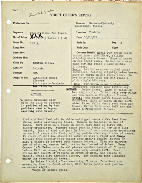 Flaherty zog sich – möglicherweise auch aufgrund der technischen Probleme, die er mit seiner »Akeley« hatte – immer mehr aus der Kameraarbeit zurück. Der Bericht vom Nachmittag des 14. März 1930 verzeichnet seinen letzten Dreh: Kanus werden am Strand von Motu Tapu mit Obst und anderen Abschiedsgeschenken für Hitu beladen, bevor dieser Reri mit sich nimmt.
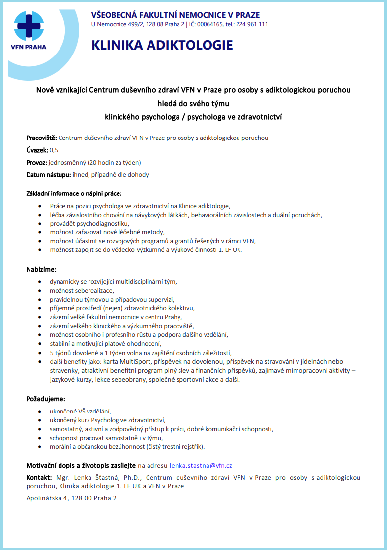 Centrum duševního zdraví VFN v Praze hledá klinického psychologa pro adiktologii
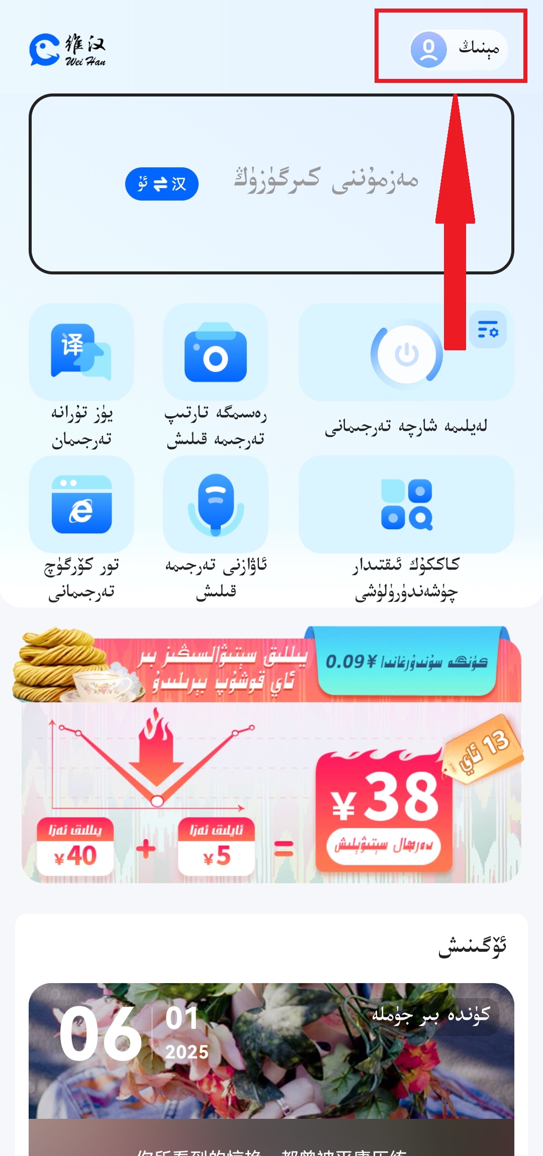 1、打开维汉翻译app,点击悬浮球翻译。

> Task prompt
Keep the pictures out of your copy. Copy only the lines from the line that holds "Centrum duševního zdraví" through the last line of the listing above, both included.

> Your solution
 Centrum duševního zdraví VFN v Praze hledá klinického psychologa pro adiktologii
 1、打开维汉翻译app,点击悬浮球翻译。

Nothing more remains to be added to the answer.